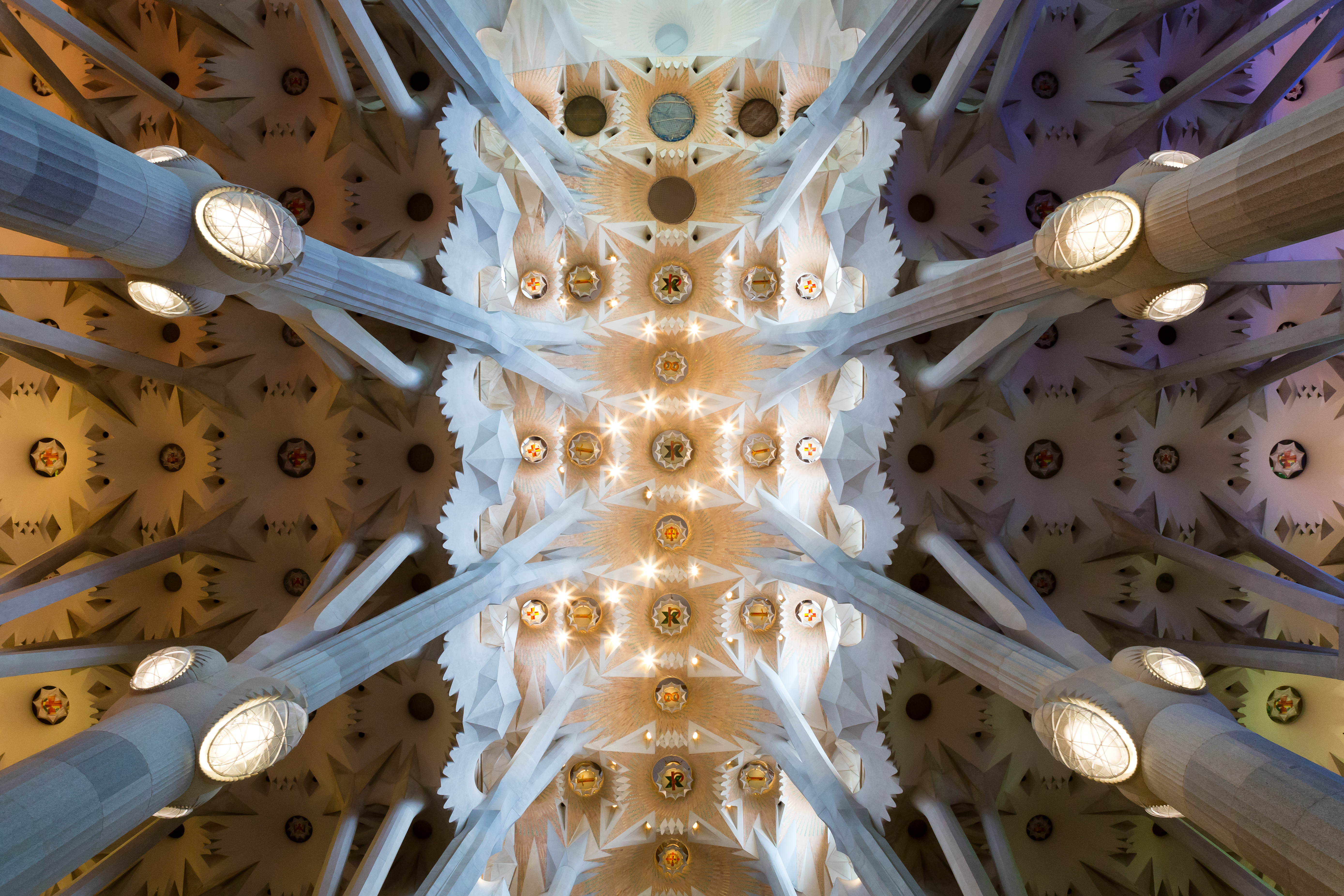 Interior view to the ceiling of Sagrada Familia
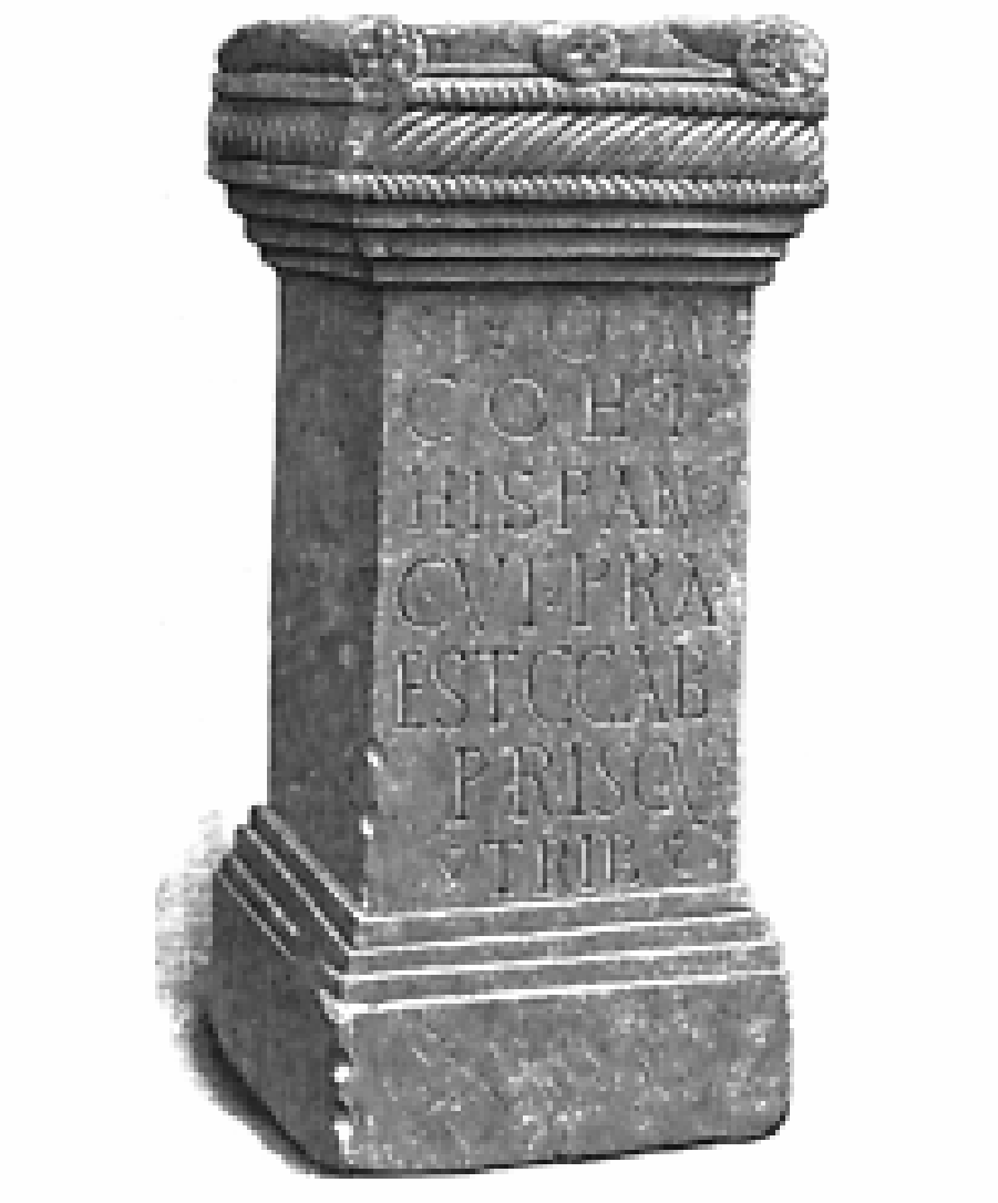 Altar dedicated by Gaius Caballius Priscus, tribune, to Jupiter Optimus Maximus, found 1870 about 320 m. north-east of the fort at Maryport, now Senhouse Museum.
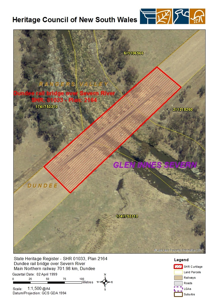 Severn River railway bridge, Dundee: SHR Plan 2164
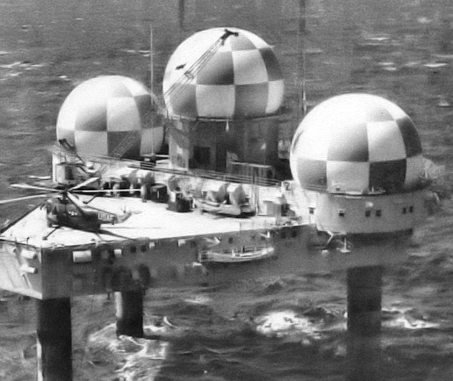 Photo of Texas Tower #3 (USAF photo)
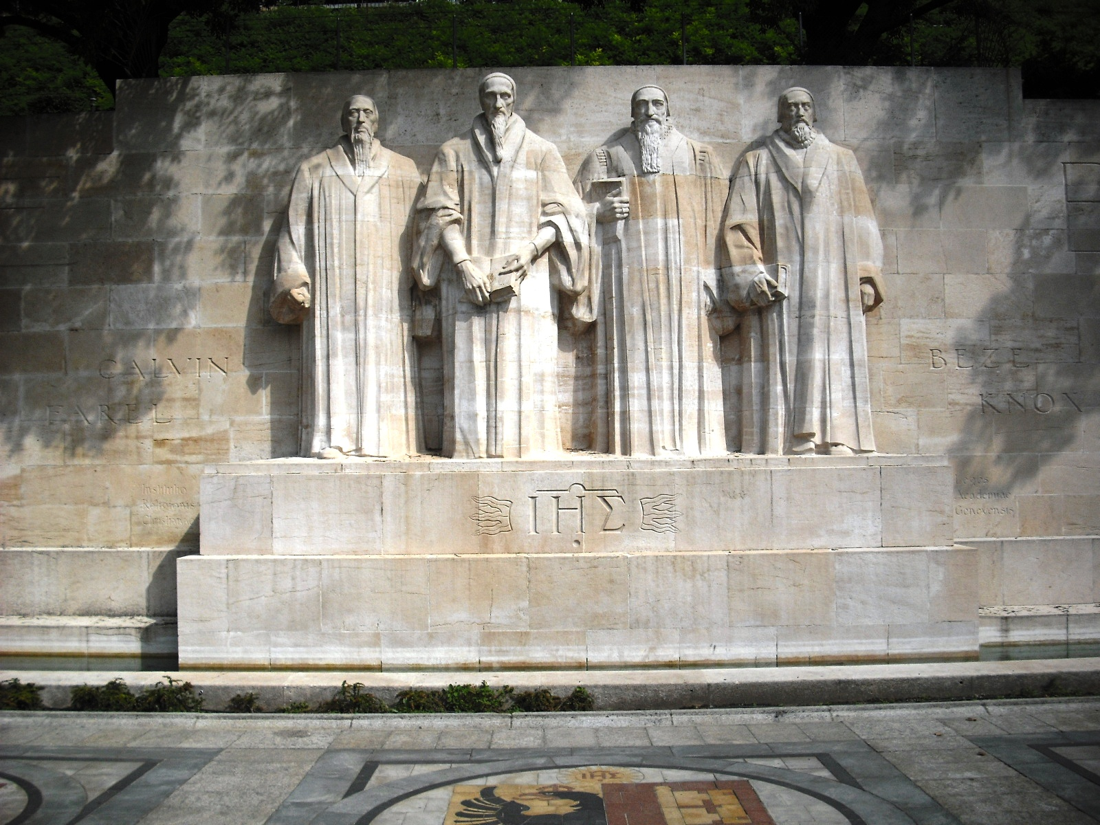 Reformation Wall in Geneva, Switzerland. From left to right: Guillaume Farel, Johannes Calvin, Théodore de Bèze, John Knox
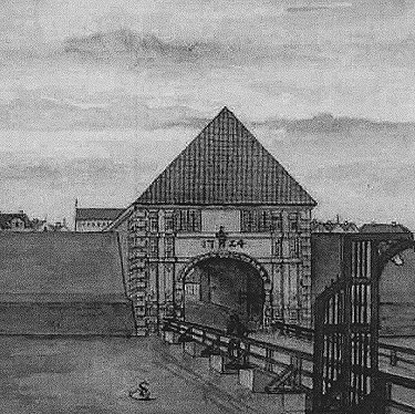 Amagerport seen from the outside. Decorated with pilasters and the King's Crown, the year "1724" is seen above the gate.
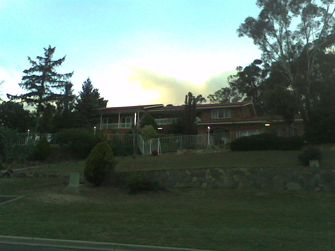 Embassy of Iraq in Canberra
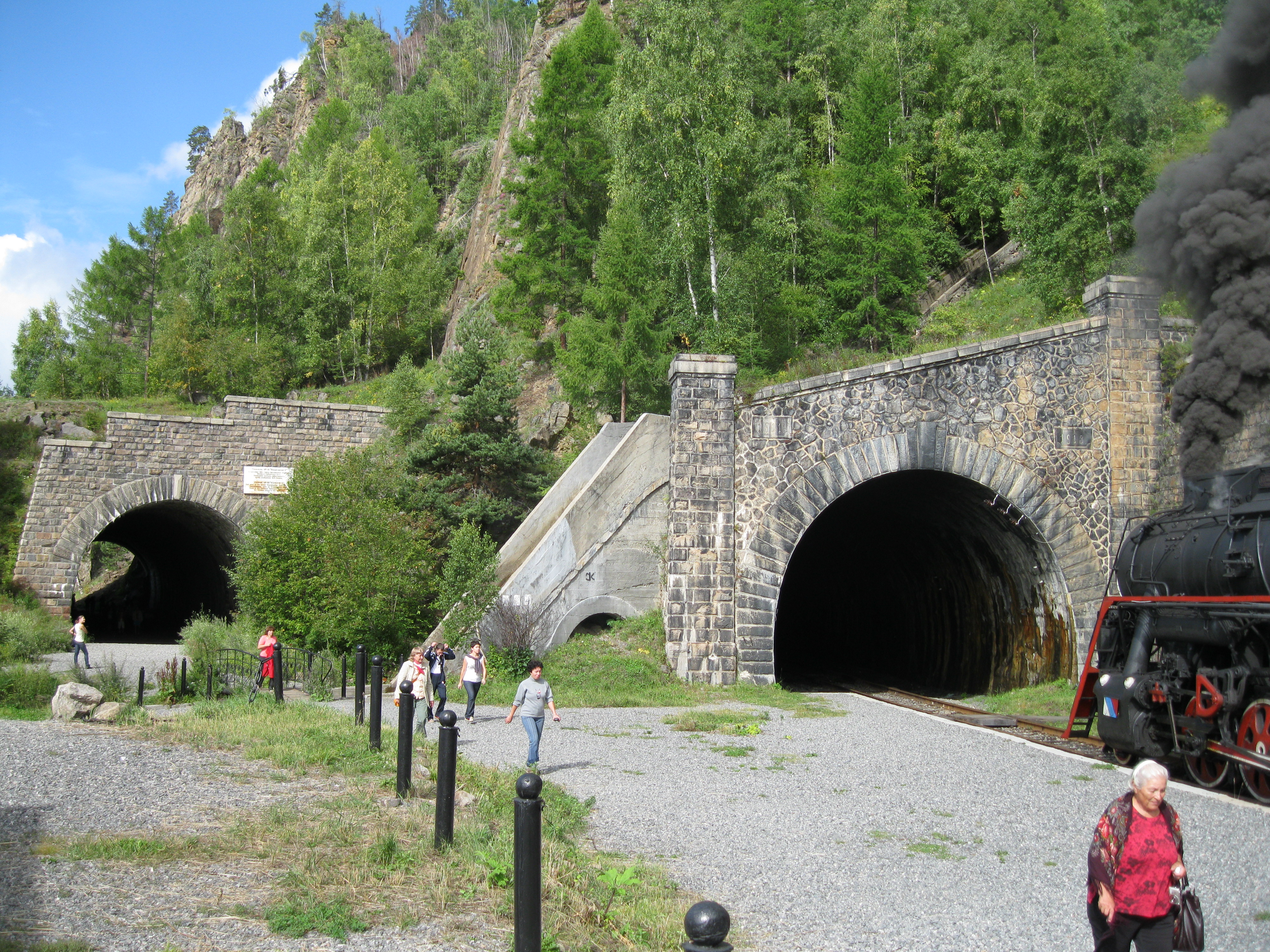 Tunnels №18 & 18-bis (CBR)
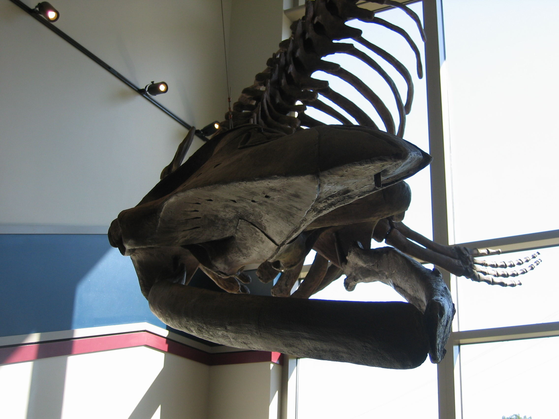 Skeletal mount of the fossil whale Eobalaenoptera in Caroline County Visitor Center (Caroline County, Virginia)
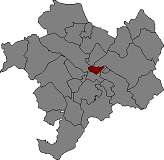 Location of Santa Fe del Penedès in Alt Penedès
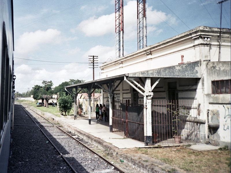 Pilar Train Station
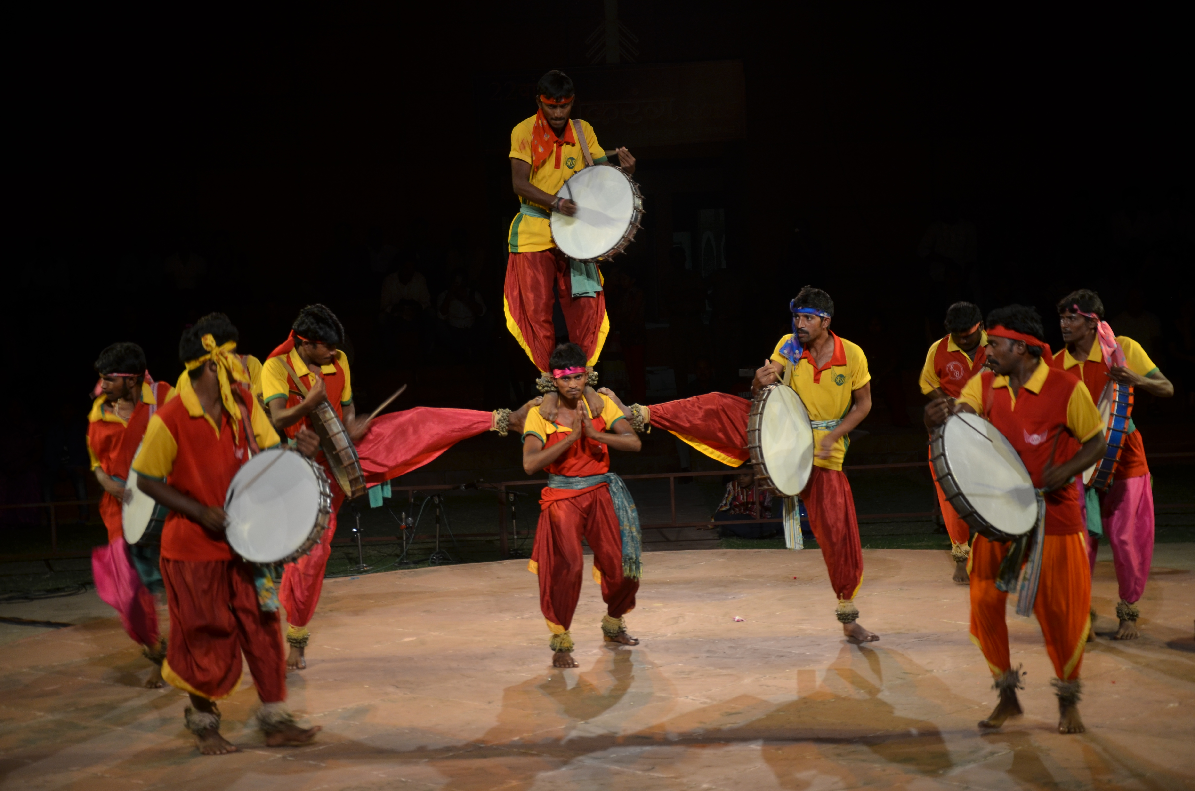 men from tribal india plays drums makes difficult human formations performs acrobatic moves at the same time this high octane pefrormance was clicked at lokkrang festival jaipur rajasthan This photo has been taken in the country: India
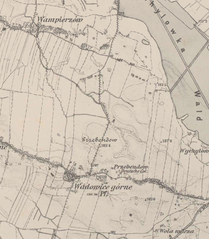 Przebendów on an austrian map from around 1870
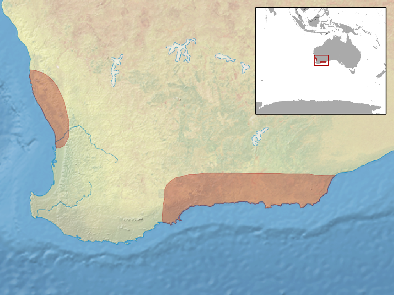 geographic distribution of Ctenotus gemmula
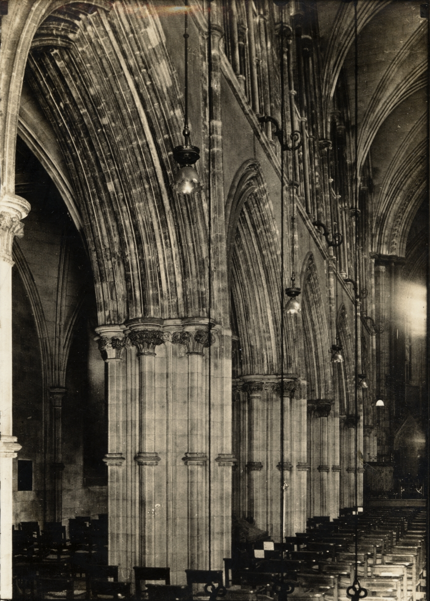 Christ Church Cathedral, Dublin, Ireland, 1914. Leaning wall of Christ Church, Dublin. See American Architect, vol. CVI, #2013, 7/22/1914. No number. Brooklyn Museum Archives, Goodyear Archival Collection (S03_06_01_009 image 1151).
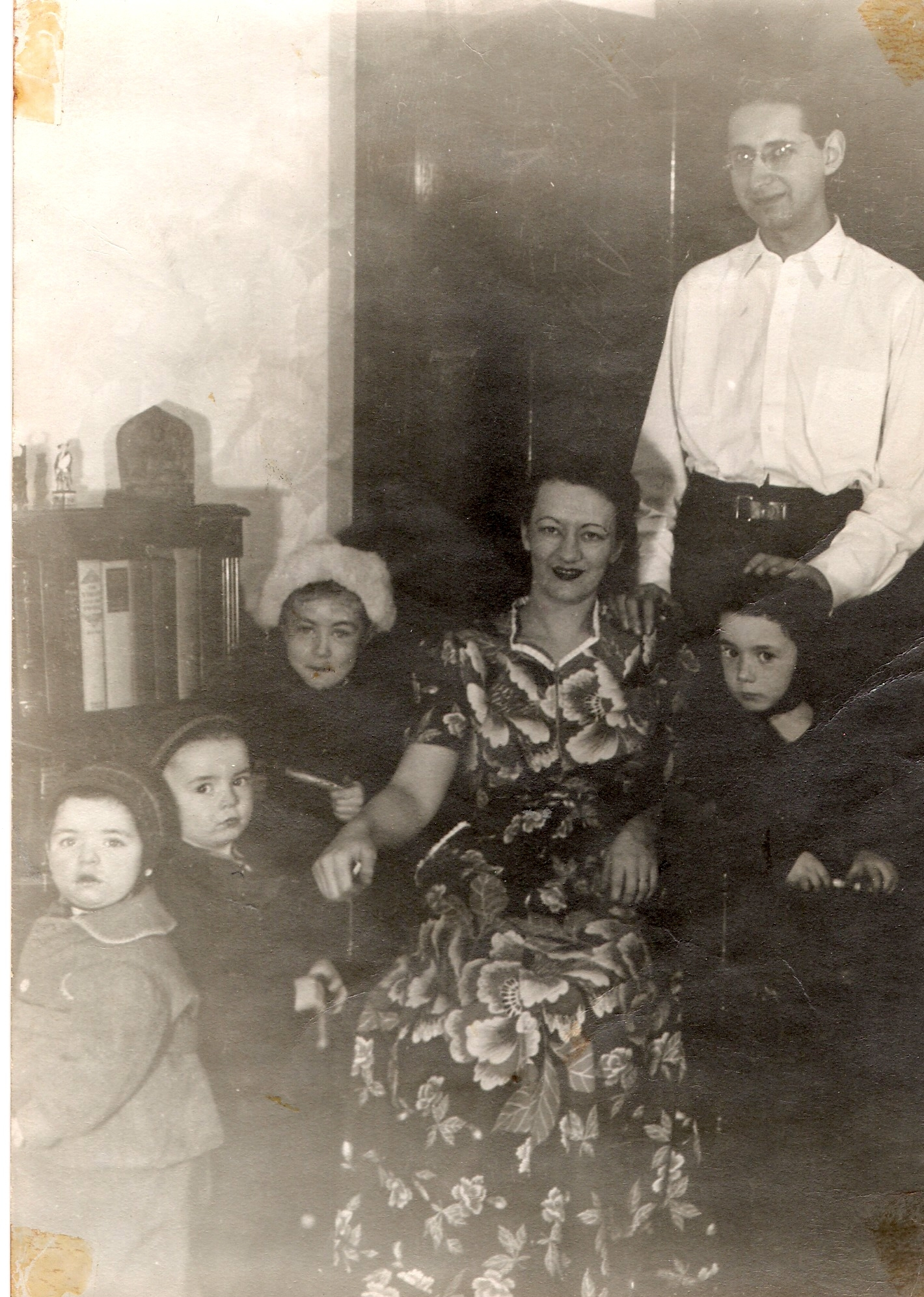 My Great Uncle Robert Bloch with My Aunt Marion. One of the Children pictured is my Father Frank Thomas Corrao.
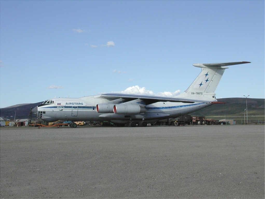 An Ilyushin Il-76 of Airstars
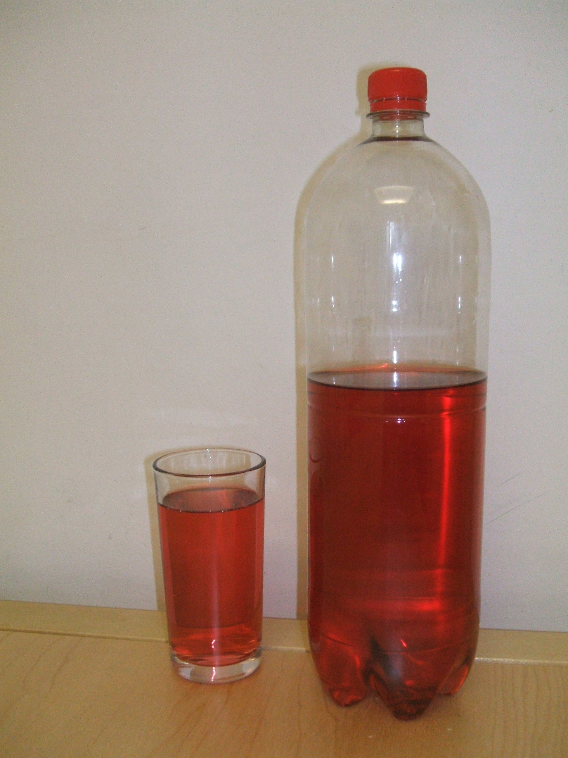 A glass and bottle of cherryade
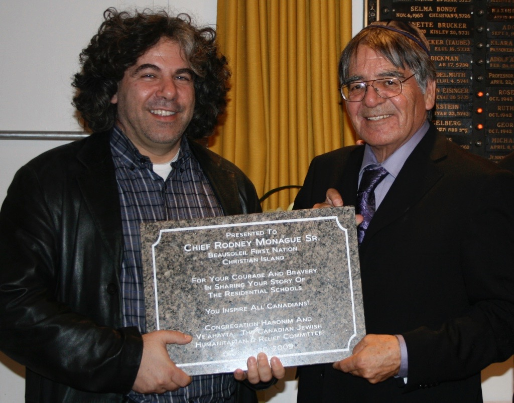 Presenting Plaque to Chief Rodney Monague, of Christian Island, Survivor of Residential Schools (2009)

---+---

What is required: Transcribe everything above exactly. Do not include the pictures.

Answer to the exercise:
 Interior view to the ceiling of Sagrada Familia
 Altar dedicated by Gaius Caballius Priscus, tribune, to Jupiter Optimus Maximus, found 1870 about 320 m. north-east of the fort at Maryport, now Senhouse Museum.
 Severn River railway bridge, Dundee: SHR Plan 2164
 Photo of Texas Tower #3 (USAF photo)
 Reformation Wall in Geneva, Switzerland. From left to right: Guillaume Farel, Johannes Calvin, Théodore de Bèze, John Knox
 Amagerport seen from the outside. Decorated with pilasters and the King's Crown, the year "1724" is seen above the gate.
 Embassy of Iraq in Canberra
 Tunnels №18 & 18-bis (CBR)
 Skeletal mount of the fossil whale Eobalaenoptera in Caroline County Visitor Center (Caroline County, Virginia)
 Location of Santa Fe del Penedès in Alt Penedès
 Pilar Train Station
 men from tribal india plays drums makes difficult human formations performs acrobatic moves at the same time this high octane pefrormance was clicked at lokkrang festival jaipur rajasthan This photo has been taken in the country: India
 Przebendów on an austrian map from around 1870
 geographic distribution of Ctenotus gemmula
 Christ Church Cathedral, Dublin, Ireland, 1914. Leaning wall of Christ Church, Dublin. See American Architect, vol. CVI, #2013, 7/22/1914. No number. Brooklyn Museum Archives, Goodyear Archival Collection (S03_06_01_009 image 1151).
 My Great Uncle Robert Bloch with My Aunt Marion. One of the Children pictured is my Father Frank Thomas Corrao.
 An Ilyushin Il-76 of Airstars
 A glass and bottle of cherryade
 Presenting Plaque to Chief Rodney Monague, of Christian Island, Survivor of Residential Schools (2009)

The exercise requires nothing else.